COMAN accepts as input the Illumina paired-end sequencing reads in FASTQ format and a metadata file specifying the sample conditions for comparative statistical analysis. A sample input dataset is offered to guide users on data formatting requirements (by clicking the “SampleData” button in the homepage). It is optional to upload a file containing the metagenomic taxonomic abundance profiles, which will only be used for “transcription activation analysis” (as described below). All uploaded data and results generated by COMAN are restricted to the user who initiated the job. A comprehensive guidance on COMAN usage can be found in the “Instructions” section of the server homepage.
The whole COMAN metatranscriptome data analysis pipeline (Fig. 1) mainly involves quality control, removal of reads derived from non-coding RNAs, functional annotation, comparative statistical analysis, taxonomy-associated functional analysis and co-expression network analysis.
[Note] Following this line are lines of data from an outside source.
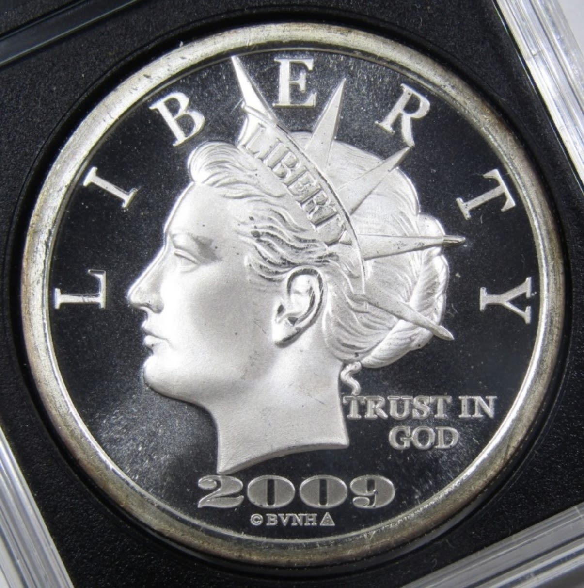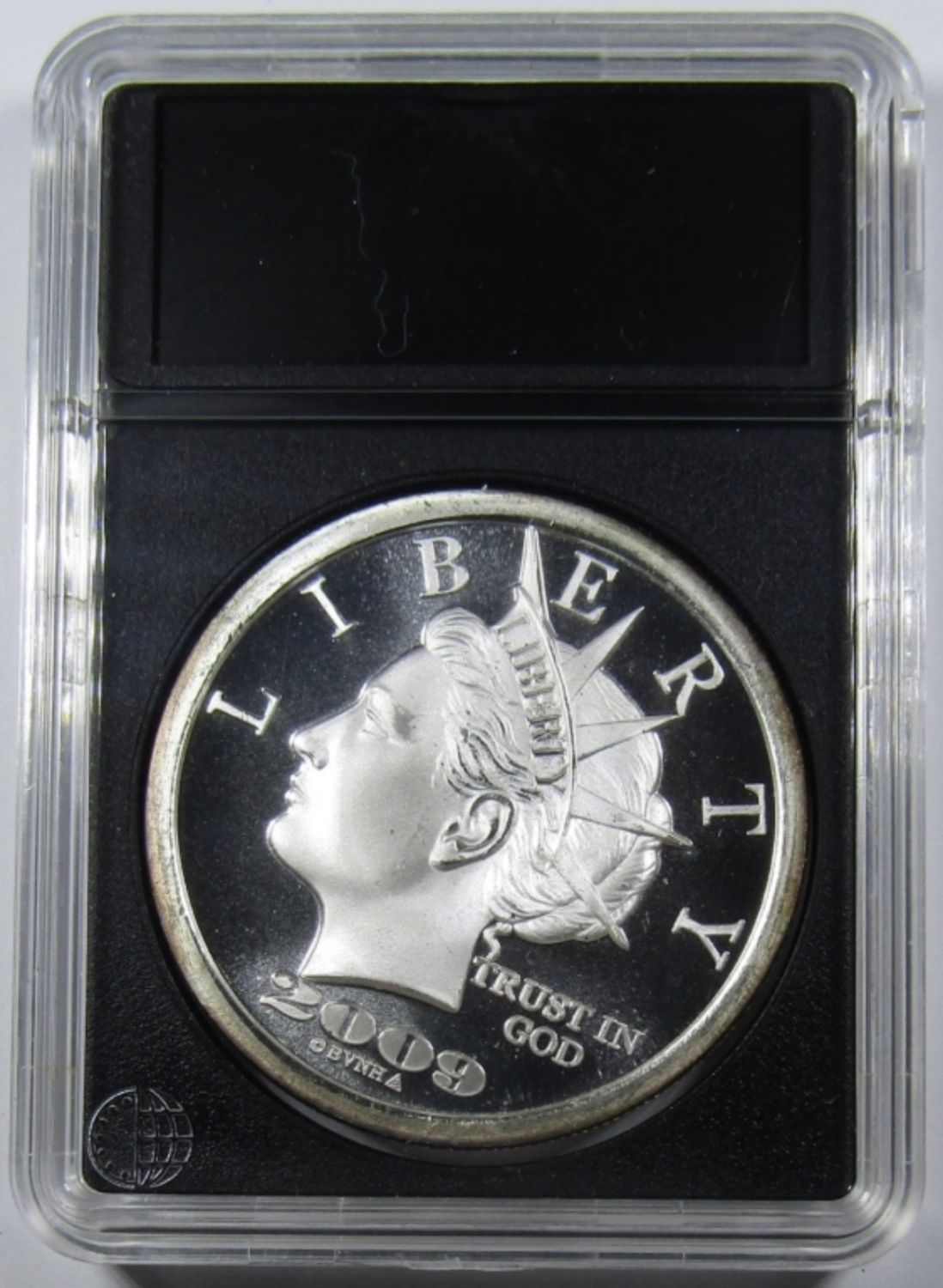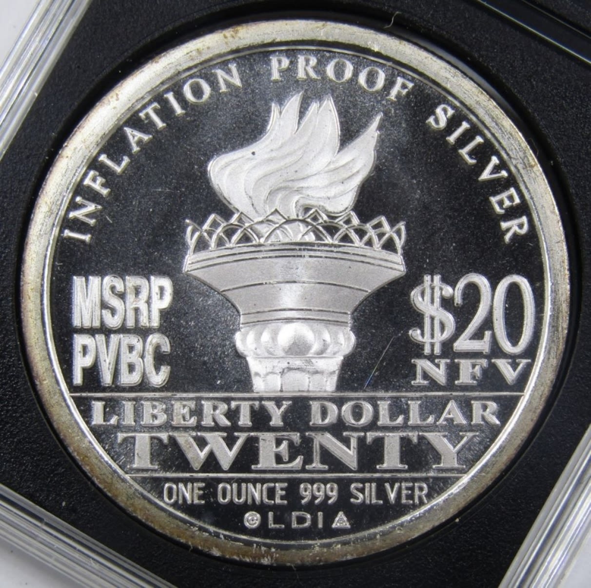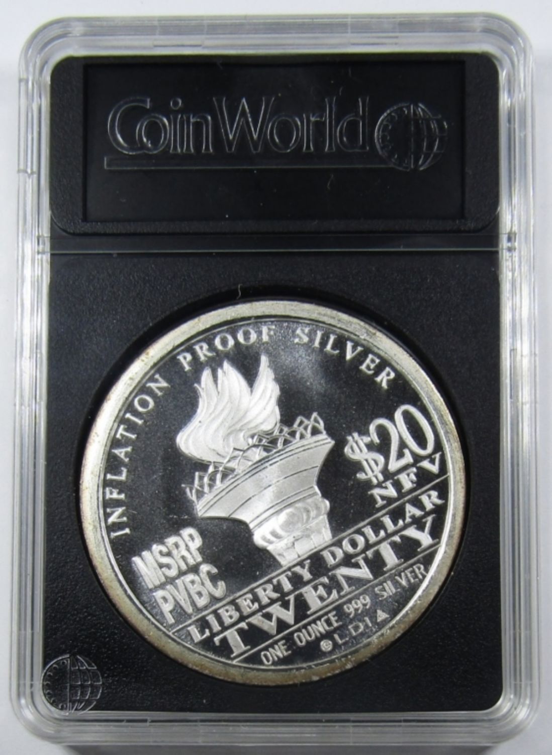 “$20 LIBERTY DOLLAR” SILVER ROUND IN PLASTIC SLAB.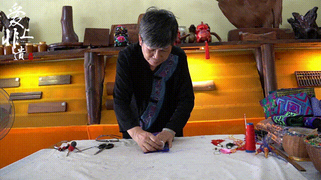 给麽乜香囊加入挂坠。李彬华 摄制缝合好后,通常还会给麽乜加上中国结或流苏等配饰。至此,一个麽乜香囊制作完成。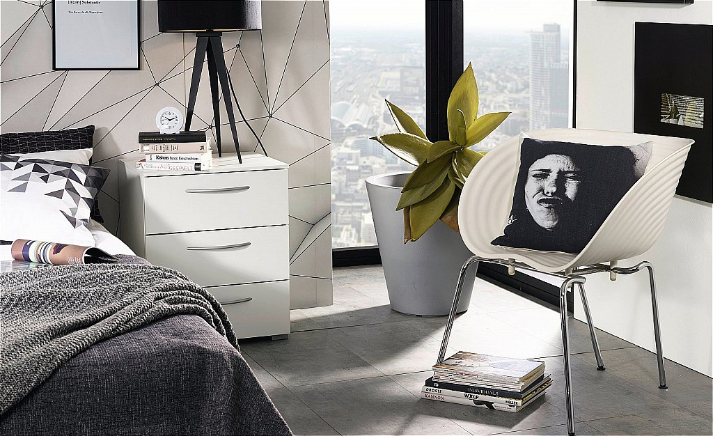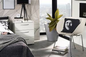 Set 2 noptiere cu 3 sertare ADITIO 40x61x42cm alb alpin/ alb lucios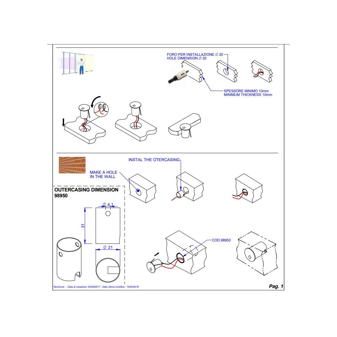 Per un'installazione a regola d'arte in pareti in muratura è necessario l'uso di una controcassa (codice 98950), disponibile separatamente sul nostro sito web. Inoltre, il dispositivo necessita di un alimentatore esterno per il corretto funzionamento, che può essere selezionato tra i modelli compatibili (codici 89144, 89145, 99375), tutti acquistabili sul nostro e-commerce.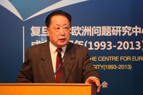 中国欧洲学会会长、中国社科院学部委员、中国社科院欧洲研究所所长周弘,中国前驻德国大使、复旦大学特聘教授梅兆荣,复旦大学副校长林尚立出席了年会开幕式暨复旦欧研中心20周年庆祝仪式并致辞。欧盟驻华大使艾德和也给年会召开和复旦欧洲研究中心成立20周年发来贺信。复旦大学经济学院院长袁志刚、复旦大学欧洲研究中心主任丁纯在仪式上致答谢词。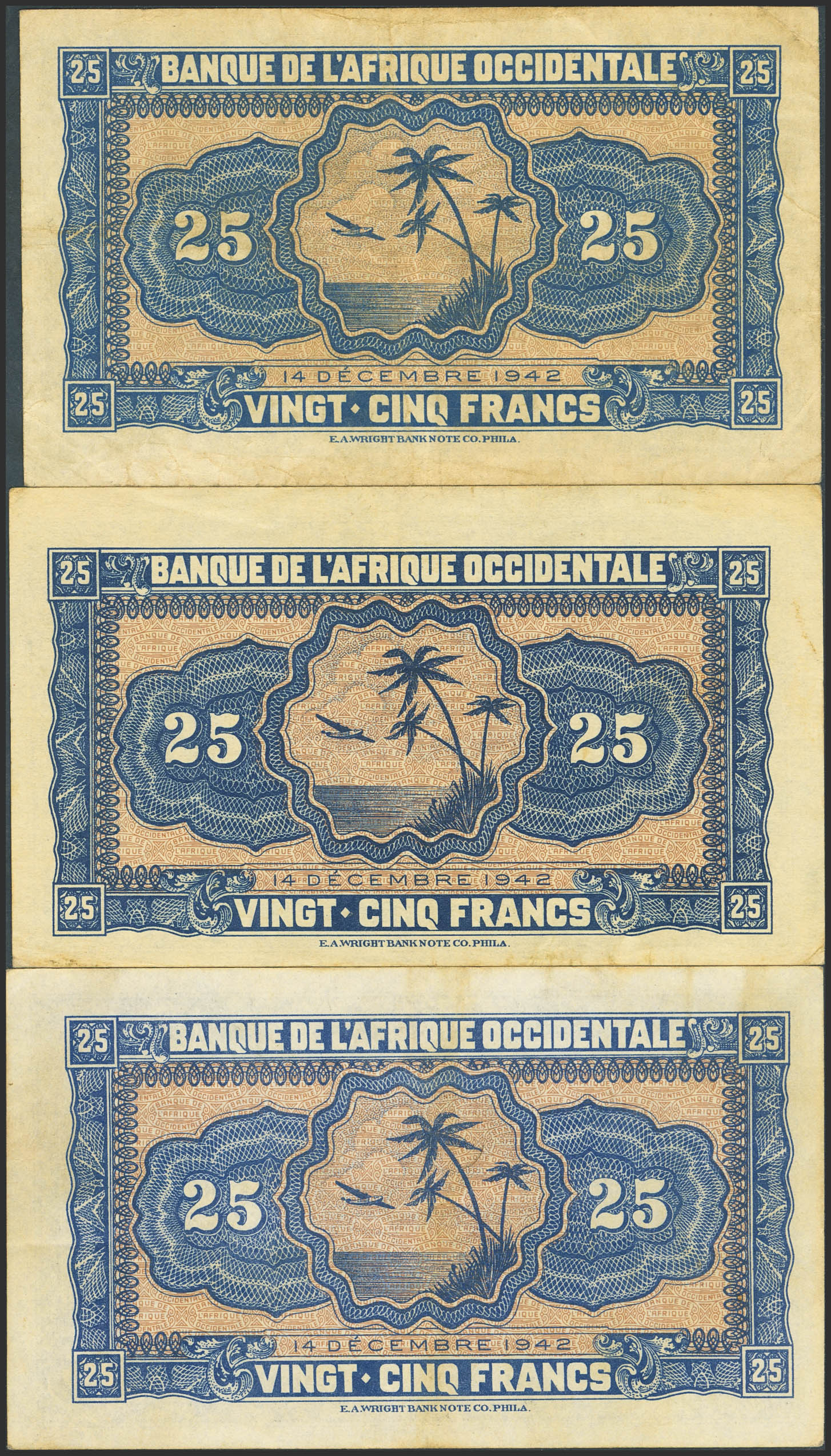 FRENCH WEST AFRICA. Lot of 3 notes of 25 Francs. 14 December 1942. Banque de l'Afrique Occidentale. (Pick: 30a). Almost Uncirculated, More than Very Fine and More than Extremely Fine.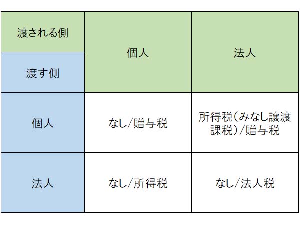 不動産物件の無償譲渡では、物件を渡す側と渡される側が法人、個人などの組み合わせパターンによって、かかる税金が変わる。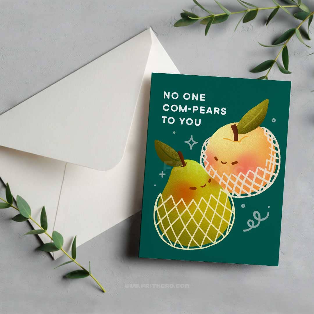 One CALAMANSI greeting card illustrating a half cut calamansi and a calamansi fruit on a light green background with the phrase “I CALAMANSI myself with you” — "I can see myself with you". The calamansi fruit is a citrus hybrid cultivated predominantly in the Philippines. This card is perfect for people ready to commit into a relationship with someone. ✷Details: - Made with 300gsm paper - Inside of card is blank - All cards comes with one white envelope - 4.25"W x 5.5"H size ✷ To reduce waste, some items may be shipped with recycled materials. ✷ Please note that due to differences in computer monitors, there may be slight variation in color.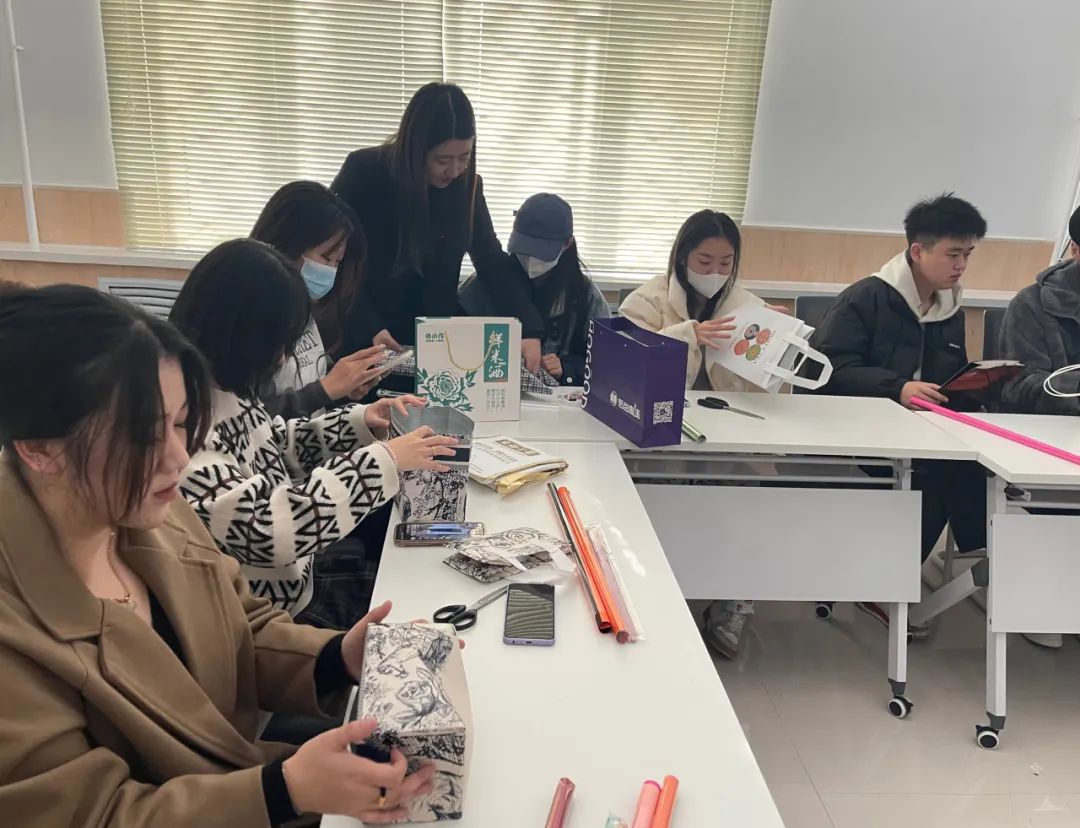 随后,张嘉馨老师带领同学们动手自制收纳工具,将生活中随处可见的快递盒、奶茶袋等变成收纳神器,同学们分为几个小组结合所学习到的收纳技巧,发挥想象力现场制作,气氛活跃。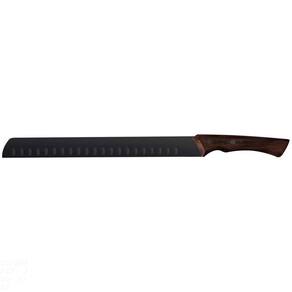 Para preparar aquele steak delicioso e bem fininho, a faca para fatiar Tramontina Churrasco Black com lâmina em aço inox escurecido e cabo de madeira 12 polegadas será a peça perfeita. Desenvolvida com materiais de alta qualidade, ela é ideal para fatiar ou fazer porções de grandes pedaços de carne para seu churrasco e não deixa você passar vergonha, pois conta com sulcos que reduzem o atrito entre a carne e a lâmina. Sua lâmina é desenvolvida em aço inox escurecido e seu cabo é de madeira com rebites, duas características que garantem qualidade, resistência e praticidade durante o uso! Orientações Ideal para fatiar ou porcionar grandes pedaços de carne.Lâmina de aço inox escurecido. Resistente e robusta.Cabo de madeira com design anatômico que torna o uso muito mais confortável.Rebites aço inox escurecido. Características Gerais EAN13 7891112296824 DUN14 17891112296821 NCM 8211.92.10 Peso Líquido 0,2200 kg. Peso Bruto 0,2400 kg. Metragem 0,000972 m³. Dimensões Embalagem (Compr. X Larg. X Alt.) 90x 22x 491 mm. Dimensões Produto (Compr. X Larg. X Alt.) 435x 35x 22 mm. Observações Antes da primeira utilização, lave bem a peça e seque-a. Produto cortante e perfurante: tenha cuidado ao manusear e mantenha fora do alcance das crianças. Não utilize materiais abrasivos para limpeza e para maior durabilidade do produto recomenda-se secar bem antes de guardar. Não utilize em máquinas de lavar. Para descarte do produto e embalagem siga as orientações de reciclagem vigentes.

Details on key steps are shown below:
Quality control and removal of non-coding RNA
The uploaded NGS reads are subject to an initial quality control step to remove the adapter regions and low quality reads following a previously described approach [15]. Afterwards, all the QC-passed reads are mapped, using BLASTN, to an in-house non-coding RNA database (see Results for details and evaluation) to filter out the reads derived from non-coding RNAs, including ribosomal RNA and tRNA. The reads with best BLAST hits at e-value < 10−5 are excluded from downstream analysis.
Mapping to reference genomes
In this step, all the high quality reads after depletion of non-coding RNA are further mapped to a reference genome database at 1e-5 cutoff, which includes more than 2700 NCBI complete microbial genomes (accessed at ftp://ftp.ncbi.nlm.nih.gov/genomes/archive/old_refseq/Bacteria/all.faa.tar.gz). We used a much faster and highly sensitive tool named DIAMOND [16] within the COMAN pipeline, since using BLASTX to perform this task is too time-consuming and not practically feasible, especially for a web-based application.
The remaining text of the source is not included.